•Says economy weighed down by high import bills
By Chinwendu Obienyi
The Central Bank of Nigeria (CBN) has revealed that the nation’s gross external reserves fell by $1.5 billion in the first four months of 2023.
Latest figures on movement of the external reserves by the CBN tracked by Daily Sun revealed that the figure, which stood at $36.73 billion as of February 20 fell to $36.68 billion as of the end of February 27, 2023.
Furthermore, it fell from $35.14 billion to $34.91 as of the end of March and April 2023 respectively. This represents about $1.5 billion lost in the first four months of 2023.
This was even as the apex bank stated that the economy continues to be weighed down by high import bills, leading to pressure on foreign exchange (FX) and resultant increase in the general price level.
Governor Godwin Emefiele, who stated this during the Monetary Policy Committee (MPC) meeting in Abuja wednesday, said that the MPC noted the moderate decline in the level of gross external reserves to $34.91 billion in April 2023, from $35.14 billion by end-of March 2023.
According to him, the decline was attributable to transactions in the foreign exchange market and largely to miniscule accretion to reserves from crude oil exports.

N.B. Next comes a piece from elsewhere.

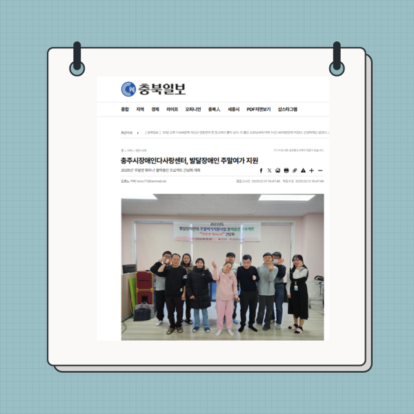 충주시장애인다사랑센터 '주말여가지원사업 간담회' 개최 페이지 정보 작성자 최월순 작성일25-04-23 23:48 조회219회 댓글0건 관련링크 본문 충주시장애인다사랑센터는 주말여가지원사업에 선정 된 발달장애인 10명과 보호자, 타 기관 실무자를 대상으로 사업설명회 및 간담회를 개최했다. 이번사업은 2월부터 11월까지 진행되며, 유명철 원장은 "이번 사업을 통해 발달장애인과 가족들이 더욱 활기찬 여가 생활을 즐기고, 사회적 참여 기회가 확대되길 기대하며 주말 프로그램으로 다양한 체험활동을 지원 할 수있도록 노력하겠다" 고 말했다. 충주시장애인다사랑센터는 발달장애인의 자립훈련을 통해 지역사회 구성원으로써 행복한 삶을 영위할 수 있도록 지원하는 사회복지시설이다. 댓글목록 등록된 댓글이 없습니다. 이전글 다음글 목록

He said, “The MPC observed that the economy continued to be weighed down by high import bills, leading to pressure on foreign exchange and resultant increase in the general price level.

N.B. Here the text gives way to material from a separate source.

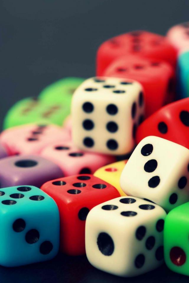 Обои Разноцветные игральные кости на сером столе

The Committee noted that the economy needs to build up the stock of foreign reserves to act as buffers against shocks. In addition, the current trend in price development would continue to be monitored by the bank with greater collaboration with the fiscal authority, to address the drivers of inflation”.
Speaking more on inflation, Emefiele noted that despite the tight monetary policy stance adopted since its May 2022 meeting, inflation had not decelerated towards the CBN’s long run objective.
While stating that the situation remained the biggest challenge confronting macroeconomic stability in Nigeria, he said that headline inflation remained high due largely to a host of non-monetary issues outside the reach of the central bank such as the perennial scarcity of Premium Motor Spirit (PMS) and expectations of short-term hikes in the pump price of PMS; high and rising price of various energy sources; and a host of headwinds confronting the food supply chain.
“In this circumstance, the Committee enjoined the fiscal authority to explore other avenues to expand the fiscal safety net in an urgent bid to improve its ability to respond to legacy and
emerging shocks. Non-oil revenue sources, such as the expansion of the tax bracket, will enable the reduction of fiscal deficit and public debt to improve fiscal space.
Confronted by these challenges, the Committee tasked the Bank’s Research and Monetary Policy Departments to evaluate the counterfactual evidence from available data, using empirical
analysis. The results revealed that following each monetary policy rate hike, the rise in inflation moderated relative to what it could have been, if the MPC had not aggressively raised rates at all”, the CBN Governor said.